Я должен рассмотреть здесь аргумент, выдвинутый в наше время, который никогда не приходил людям в голову в восемнадцатом веке; но поскольку он прекрасно вписывается в предмет предыдущего параграфа, я не мог найти лучшего места, чтобы поговорить о нем. Многие люди пришли к мысли, что конец общества близок, когда его религиозные идеи склонны ослабевать и исчезать. Они видят своего рода связь между открытым исповеданием доктрин Зенона и Эпикура в Афинах и Риме, с последующим отказом (по их мнению) от национальных культов, и падением двух республик. Они не замечают, что это практически единственные примеры, которые можно привести такого совпадения. Персидская империя во время своего падения находилась полностью под властью магов. Тир, Карфаген, Иудея, монархии ацтеков и перуанцев были поражены, фанатично цепляясь за свои алтари. Таким образом, нельзя утверждать, что все народы, чье существование как нации разрушается, в этот момент искупают грех, который они совершили, покинув веру своих отцов. Далее, даже два примера, которые идут на поддержку теории, кажутся доказывающими гораздо больше, чем они есть на самом деле. Я абсолютно отрицаю, что древние культы когда-либо были оставлены в Риме или Афинах до того дня, когда они были вытеснены в сердцах всех людей победоносной религией Христа. Другими словами, я верю, что никогда не было реального разрыва преемственности в религиозных верованиях любого народа на этой земле. Внешняя форма или внутренний смысл вероучения могли измениться; но мы всегда найдем какого-нибудь галльского Тевтата, уступающего место римскому Юпитеру, Юпитер — христианскому Богу, без какого-либо интервала неверия, точно так же, как мертвые уступают свое наследство живым. Следовательно, поскольку никогда не было нации, о которой можно было бы сказать, что у нее нет веры вообще, мы не имеем права предполагать, что «отсутствие веры вызывает разрушение государств».

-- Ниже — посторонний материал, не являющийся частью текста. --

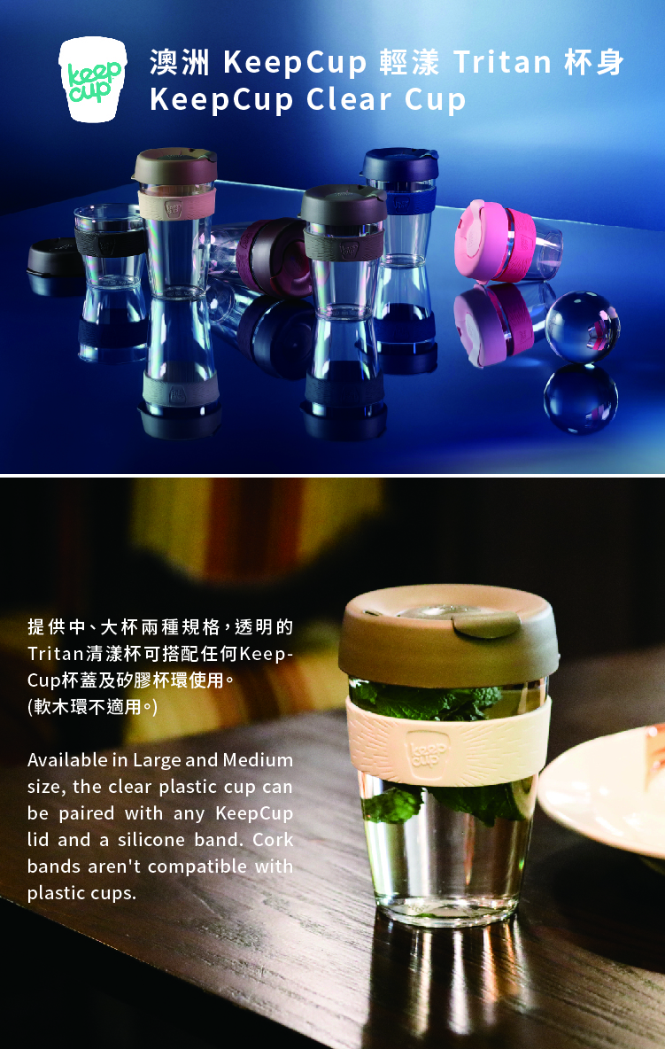 提供中、大杯兩種規格,透明的Tritan輕漾杯可搭配任何KeepCup杯蓋及矽膠杯環使用。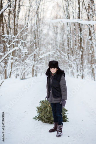 © k_zhuravleva, Naklejka premium Cute boy with a Christmas tree in his hands, winter, new year, forest

Я вполне вижу основания, на которых базируется такой взгляд. Его защитники расскажут нам об «известном факте», что немного до времени Перикла в Афинах и около эпохи Сципионов в Риме высшие классы становились все более склонными, сначала рассуждать о своей религии, затем сомневаться в ней, а наконец отказаться от всякой веры в нее и гордиться тем, что они атеисты. Мало-помалу, нам скажут, привычка к атеизму распространялась, пока не осталось никого с какими-либо претензиями на интеллект вообще, кто не вызывал бы одного авгура пройти мимо другого, не улыбаясь.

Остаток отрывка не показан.